During a one-week visit to Philadelphia in 1959, Munakata worked with Arthur L Flory (1914-1972; his name in Japanese would be アーサー・フローリー Âsâ furôrî), a graphic artist and author/illustrator of children's books who was head of the Graphics Department and an instructor of graphics, printing, and drawing at the Tyler School of Art at Temple University. Quickly learning the techniques of lithography from Flory, Munakata explored the medium by creating a group of seven lithographs: two works of Buddhist figures, two prints of nudes, and one each of owls, calligraphy, and a scene of a large apple tree outside Flory’s studio. It was an invigorating and productive collaboration, and the two artists remained friends thereafter. They worked together the following year when Flory received a Rockefeller Foundation Grant sanctioned by the Japan Society to teach lithography in Japan. Flory supervised a workshop in Shinjuku, Tokyo, where he interacted with forty-two artists, producing sixty-four designs in editions of fifteen to twenty impressions. On November 10, 1960, Flory, who like many others was amazed by the speed at which Munakata worked, wrote: "Munakata came this morning and knocked off four stones."

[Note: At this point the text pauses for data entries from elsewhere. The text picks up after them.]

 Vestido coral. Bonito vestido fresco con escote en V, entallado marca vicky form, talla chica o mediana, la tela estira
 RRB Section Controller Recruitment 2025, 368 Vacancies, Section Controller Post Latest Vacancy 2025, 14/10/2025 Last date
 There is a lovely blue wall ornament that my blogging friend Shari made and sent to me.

Munakata's prints have a distinctive spontaneity and spiritual energy. He saw himself as a temporary medium through which the design, not really his own, could be revealed. As a result, unlike Onchi Kôshirô and other artists of the sôsaku hanga (creative print: 創作版画) movement who advocated self-expression in their printmaking, Munakata disclaimed individual responsibility as an artist. For him, artistic creation was only one of many manifestations of nature's force and beauty, which is inherent in the woodblock. In Munakata's words, "The essence of hanga lies in the fact that one must give in to the ways of the board ... there is a power in the board, and one cannot force the tool against that power."

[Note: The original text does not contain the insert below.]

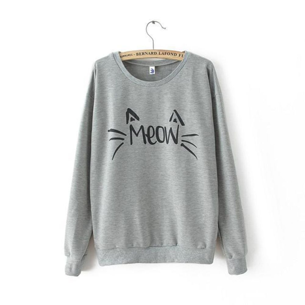 Fashion Women\\\ s Casual long Sleeve MEOW Print T-Shirts Tops Blouse Sweatshirt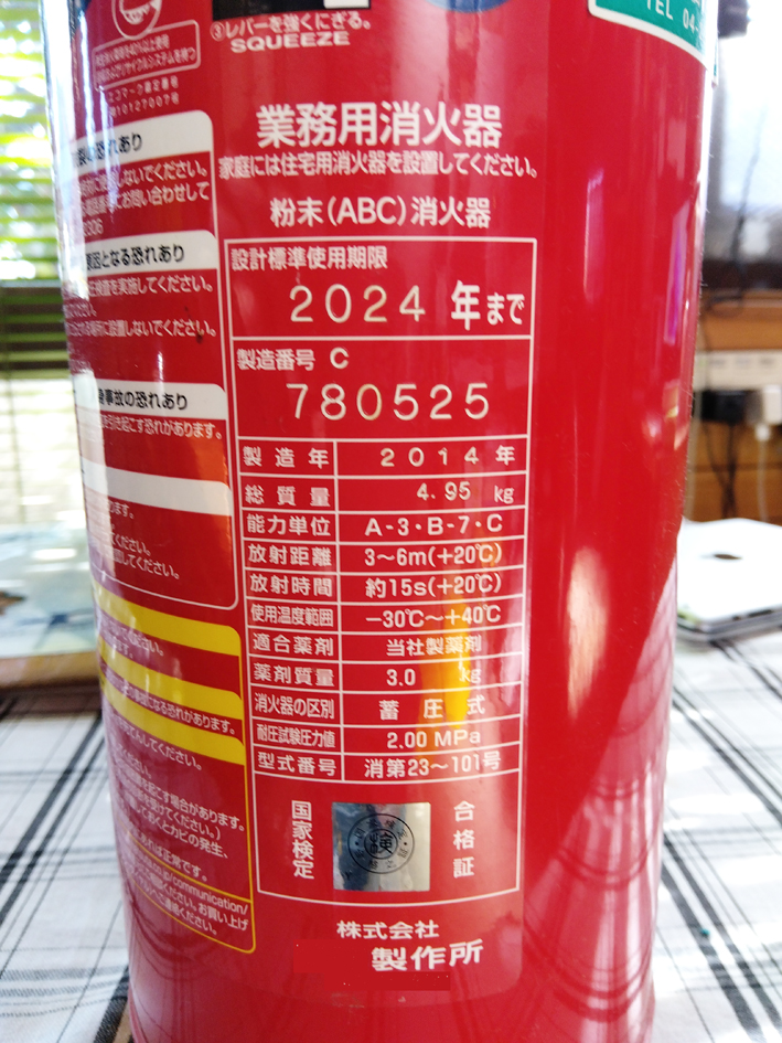 中味の消火剤には「使用有効期限」があることも

On November 17, 1975, in the year of his death, the Munakata Shikô Memorial Museum of Art (Munakata Shikô Kinenkan: 棟方志功記念館) opened in Aomori, Japan, the artist's home city. The building is a two-floor, iron-rebar structure done in a log-cabin or "school-house" style. The museum has the largest number of Munakata's works in Japan. Its collection includes woodcuts, lithographs, sumi-ink paintings (some also with colors) on paper and boards, oil paintings, calligraphy, illustrated books, and original carved wood planks. More than 700 items are rotated in four exhibits per year, although Munakata's aforementioned masterpiece Nibosatsu shaka jûdai deshi is always on display in the Memorial Hall.

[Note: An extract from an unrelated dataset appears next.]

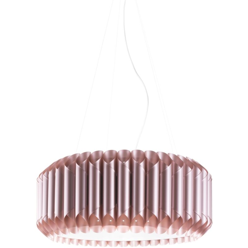 Collezione Louise MAESTOSITA' E DELICATEZZA Sospensione a 1 luce in polilux rosa metallico, realizzata da molteplici fogli arrotolati su se stessi e affiancati tra di loro a formare un cerchio;

Munakata's works are in numerous private collections and in public institutions, including the Art Gallery of New South Wales; Art Institute of Chicago; Asian Art Museum, San Francisco; British Museum, London; Brooklyn Museum, New York; Carnegie Museum of Art, Pittsburgh; Cincinnati Art Museum; Detroit Institute of Art; Fine Art Museums of San Francisco; Harvard Art Museums; Honolulu Museum of Art; Japan Folk Art Museum, Tokyo; Los Angeles County Museum of Art;Metropolitan Museum of Art, New York; Minneapolis Museum of Art; Munakata Shikô Memorial Museum of Art; Museum of Fine Arts, Boston; Museum of Modern Art, New York; Museum of Modern Art, Tokyo; National Museum of Asian Art (Smithsonian), Washington, D.C.; National Museum of Modern Art, Kyoto; National Museum of Modern Art, Tokyo; Philadelphia Museum of Art; and Rijksmuseum, Amsterdam.